DR-SAC: Distributionally Robust Soft Actor-Critic for Reinforcement Learning under Uncertainty

2026-04-20 19:00 GMT · 3 days ago aimagpro.com

arXiv:2506.12622v2 Announce Type: replace
Abstract: Deep reinforcement learning (RL) has achieved remarkable success, yet its deployment in real-world scenarios is often limited by vulnerability to environmental uncertainties. Distributionally robust RL (DR-RL) algorithms have been proposed to resolve this challenge, but existing approaches are largely restricted to value-based methods in tabular settings. In this work, we introduce Distributionally Robust Soft Actor-Critic (DR-SAC), the first actor-critic based DR-RL algorithm for offline learning in continuous action spaces. DR-SAC maximizes the entropy-regularized rewards against the worst possible transition models within an KL-divergence constrained uncertainty set. We derive the distributionally robust version of the soft policy iteration with a convergence guarantee and incorporate a generative modeling approach to estimate the unknown nominal transition models.
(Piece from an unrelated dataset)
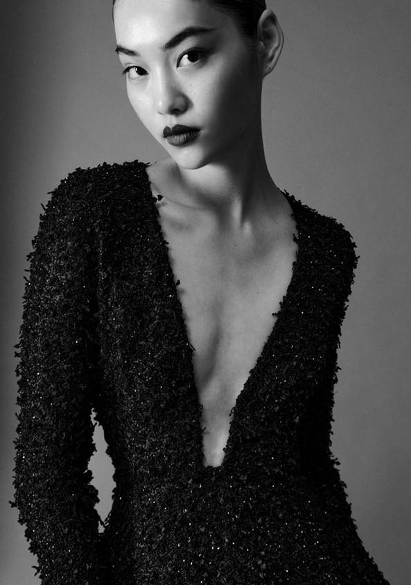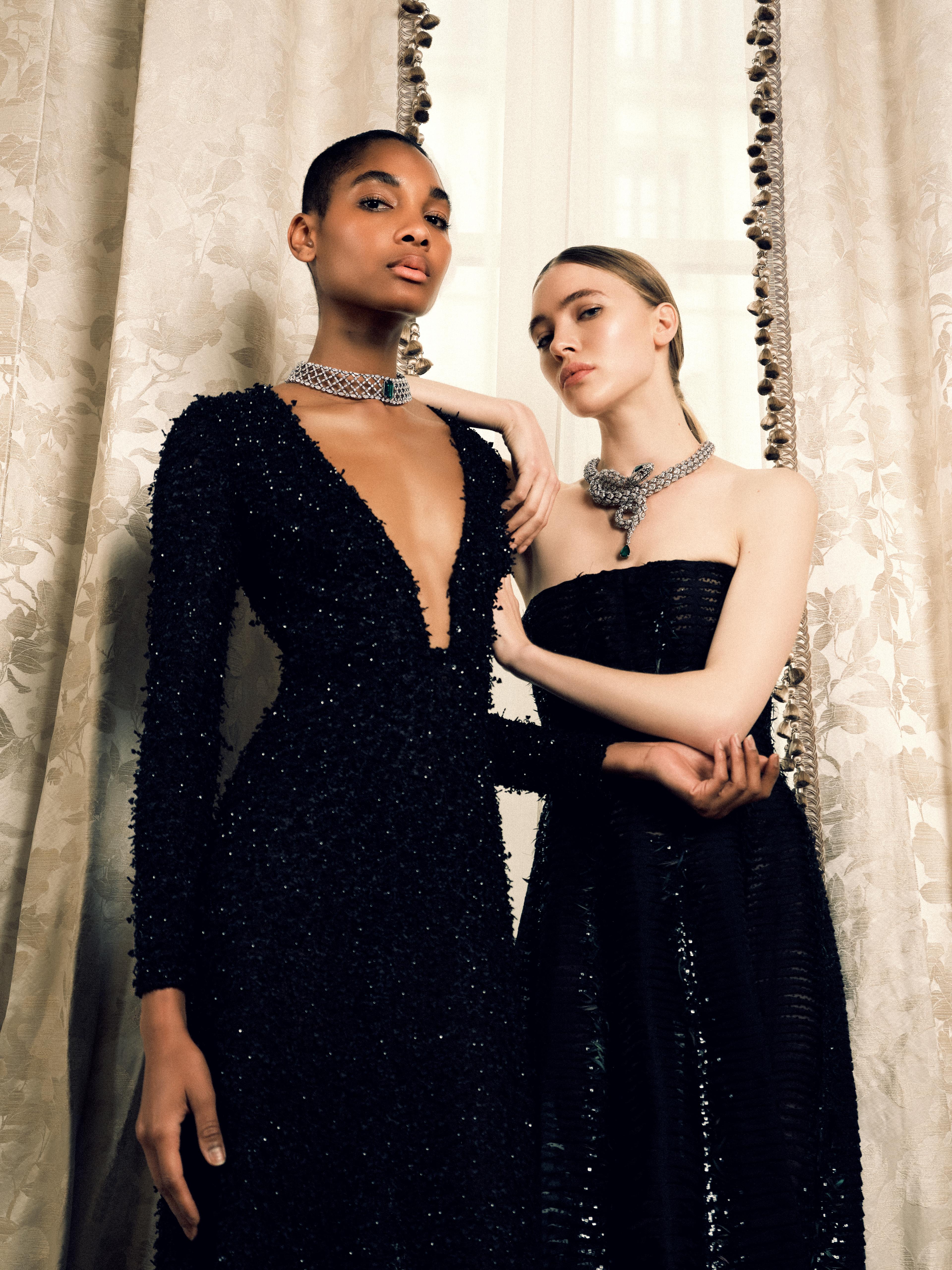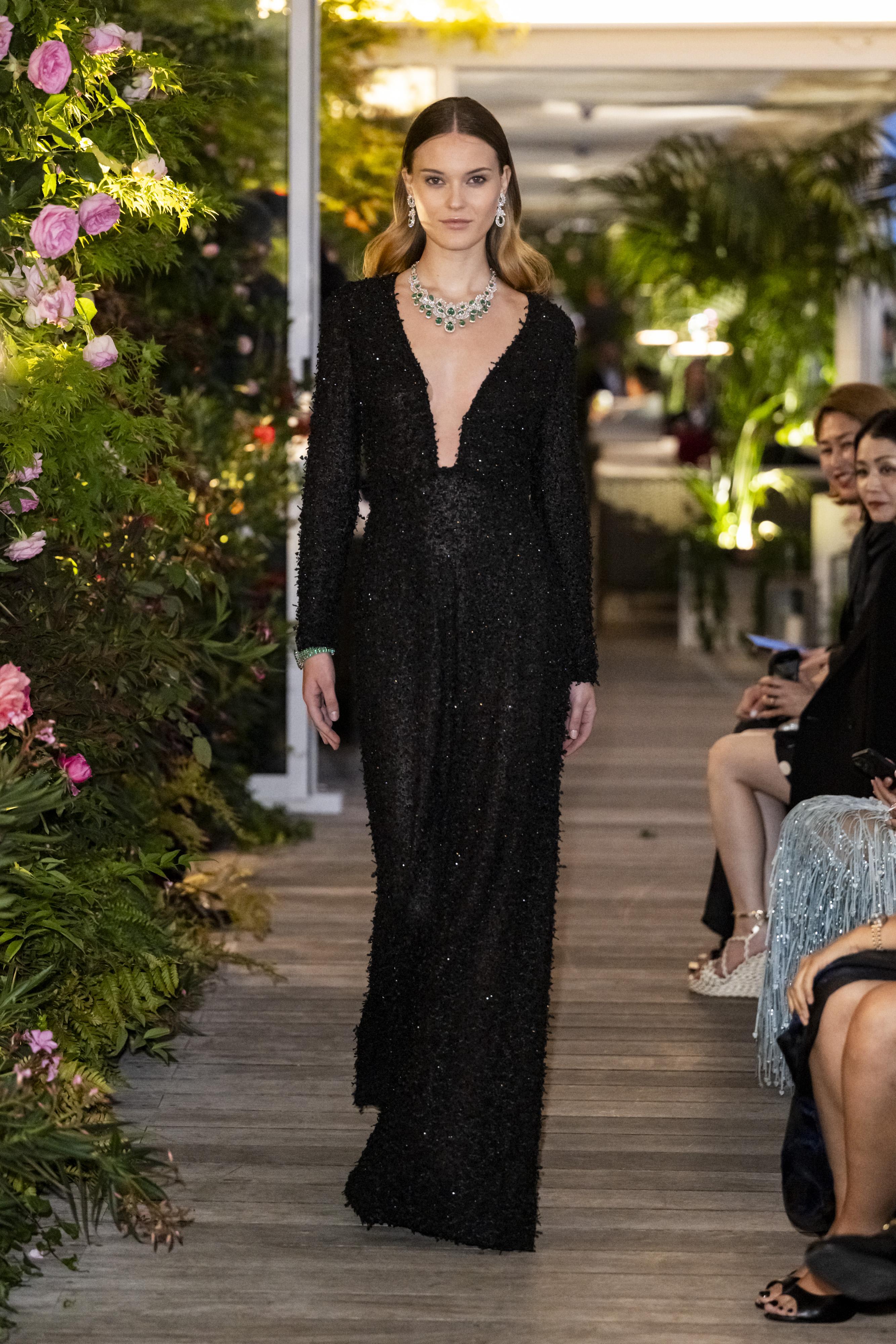 Contact usLong sleeved dress with deep V neck in black swiss iconic superposé heart embrdoiered silk mousseline fully handembroidered with black beads and crystals.

Experiment results on five continuous RL tasks demonstrate our algorithm achieves up to 9.8 times higher average reward than the SAC baseline under common perturbations. Additionally, DR-SAC significantly improves computing efficiency and applicability to large-scale problems compared with existing DR-RL algorithms. Code is publicly available at github.com/Lemutisme/DR-SAC.